For almost one hundred years prior to Tabamantia’s inspection, Van and his associates, from their highland headquarters of world ethics and culture, had been preaching the advent of a promised Son of God, a racial uplifter, a teacher of truth, and the worthy successor of the traitorous Caligastia. Though the majority of the world’s inhabitants of those days exhibited little or no interest in such a prediction, those who were in immediate contact with Van and Amadon took such teaching seriously and began to plan for the actual reception of the promised Son.
Van told his nearest associates the story of the Material Sons on Jerusem; what he had known of them before ever he came to Urantia. He well knew that these Adamic Sons always lived in simple but charming garden homes and proposed, eighty-three years before the arrival of Adam and Eve, that they devote themselves to the proclamation of their advent and to the preparation of a garden home for their reception.
From their highland headquarters and from sixty-one far-scattered settlements, Van and Amadon recruited a corps of over three thousand willing and enthusiastic workers who, in solemn assembly, dedicated themselves to this mission of preparing for the promised—at least expected—Son.

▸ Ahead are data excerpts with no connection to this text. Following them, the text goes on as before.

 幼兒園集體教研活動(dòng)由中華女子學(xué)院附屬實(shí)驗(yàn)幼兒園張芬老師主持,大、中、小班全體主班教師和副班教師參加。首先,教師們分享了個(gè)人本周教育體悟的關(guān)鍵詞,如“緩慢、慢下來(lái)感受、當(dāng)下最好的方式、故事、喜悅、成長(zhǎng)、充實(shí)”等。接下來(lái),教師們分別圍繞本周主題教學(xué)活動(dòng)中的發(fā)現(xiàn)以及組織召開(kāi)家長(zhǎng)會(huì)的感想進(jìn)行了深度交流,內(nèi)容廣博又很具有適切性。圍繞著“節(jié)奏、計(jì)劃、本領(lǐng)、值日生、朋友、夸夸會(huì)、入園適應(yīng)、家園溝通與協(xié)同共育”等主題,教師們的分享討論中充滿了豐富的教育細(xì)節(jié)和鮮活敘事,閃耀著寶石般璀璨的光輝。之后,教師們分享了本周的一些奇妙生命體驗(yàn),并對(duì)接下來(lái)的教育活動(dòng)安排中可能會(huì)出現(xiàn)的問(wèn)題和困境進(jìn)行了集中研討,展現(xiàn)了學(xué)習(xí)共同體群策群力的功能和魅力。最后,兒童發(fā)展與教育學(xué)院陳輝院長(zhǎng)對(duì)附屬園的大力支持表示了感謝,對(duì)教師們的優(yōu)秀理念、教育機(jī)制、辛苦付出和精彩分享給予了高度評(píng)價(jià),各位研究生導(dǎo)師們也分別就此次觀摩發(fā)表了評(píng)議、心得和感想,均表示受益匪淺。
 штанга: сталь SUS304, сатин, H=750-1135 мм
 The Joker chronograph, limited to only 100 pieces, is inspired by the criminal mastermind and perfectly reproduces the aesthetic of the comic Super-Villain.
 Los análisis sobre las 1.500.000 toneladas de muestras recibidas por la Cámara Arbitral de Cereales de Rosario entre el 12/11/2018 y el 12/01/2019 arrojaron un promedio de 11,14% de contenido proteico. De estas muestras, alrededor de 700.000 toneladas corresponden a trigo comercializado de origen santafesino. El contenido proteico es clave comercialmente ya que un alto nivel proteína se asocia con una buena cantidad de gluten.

Van divided his volunteers into one hundred companies with a captain over each and an associate who served on his personal staff as a liaison officer, keeping Amadon as his own associate. These commissions all began in earnest their preliminary work, and the committee on location for the Garden sallied forth in search of the ideal spot.
Although Caligastia and Daligastia had been deprived of much of their power for evil, they did everything possible to frustrate and hamper the work of preparing the Garden. But their evil machinations were largely offset by the faithful activities of the almost ten thousand loyal midway creatures who so tirelessly labored to advance the enterprise.